Bahkan, pada malam hari, demi lombok yang harganya kian ”pedas”, para pemilik lahan rela tidur di gubuk dan tepi jalan untuk mengantisipasi aksi pencurian yang juga kian macam-macam.
Otomatis, siang–malam ladang tersebut mesti dijaga dari tangan-tangan jahil.
”Apalagi, jelang panen atau ketika tanaman sudah tua, pemilik dan keluarganya harus menjaga ketat,” kata Mafhtuhin, salah seorang petani cabai di Desa/Kecamatan Grabagan, Kabupaten Tuban, Jawa Timur, kepada Jawa Pos Radar Tuban.
Grabagan dikenal sebagai salah satu sentra cabai atau lombok, si ”emas merah” yang harganya pada tiga bulan terakhir terus melonjak, bahkan sampai mengalahkan harga daging sapi per kilogram. Dan, diperkirakan harganya terus tinggi selama periode Ramadan dan Lebaran dalam dua bulan ke depan.

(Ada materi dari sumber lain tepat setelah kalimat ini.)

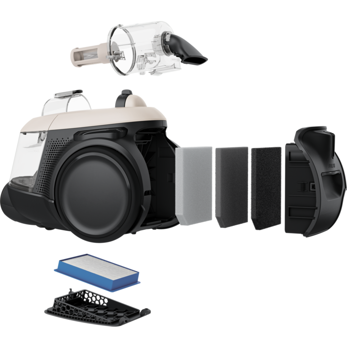 Tsüklontehnoloogia ja ergonoomilise disainiga tolmukotita tolmuimeja Hygienic 600 Bagless on võimsa jõudlusega. See kasutatud plast on valmistatud vähemalt pooles ulatuses ringlussevõetud plastist ja puhastamises see kompromisse ei tee, kaasas on peente osakeste filter Allergy Plus.

Di Desa Grabagan, sebagian besar tegalan cabai berada di tepi jalan desa. Bahkan, sebagian tanaman berimpitan dengan jalan. Inilah yang membuat para petani khawatir. Sebab, pernah terjadi beberapa kali pencurian. Para petani atau pemilik lahan pun melakukan penjagaan siang hingga malam, nyaris 24 jam.
Hal serupa dilakukan di ladang-ladang cabai di berbagai daerah. Di Desa Cinandang, Kecamatan Dawarblandong, Kabupaten Mojokerto, Jawa Timur, misalnya. Jito, warga Cinandang, mengungkapkan bahwa kebiasaan bermalam di sawah berlangsung mendekati masa panen raya pertama. Langkah itu dilakukan karena sering ditemukan tanaman cabai yang dibabat orang. Selain itu, buah cabai yang siap matang kerap hilang dari pohonnya. ”Modelnya maling itu, ada yang (tanaman cabai) dibabati (ditebas habis). Ada juga yang dipetik,” ungkap Jito kepada Jawa Pos Radar Mojokerto.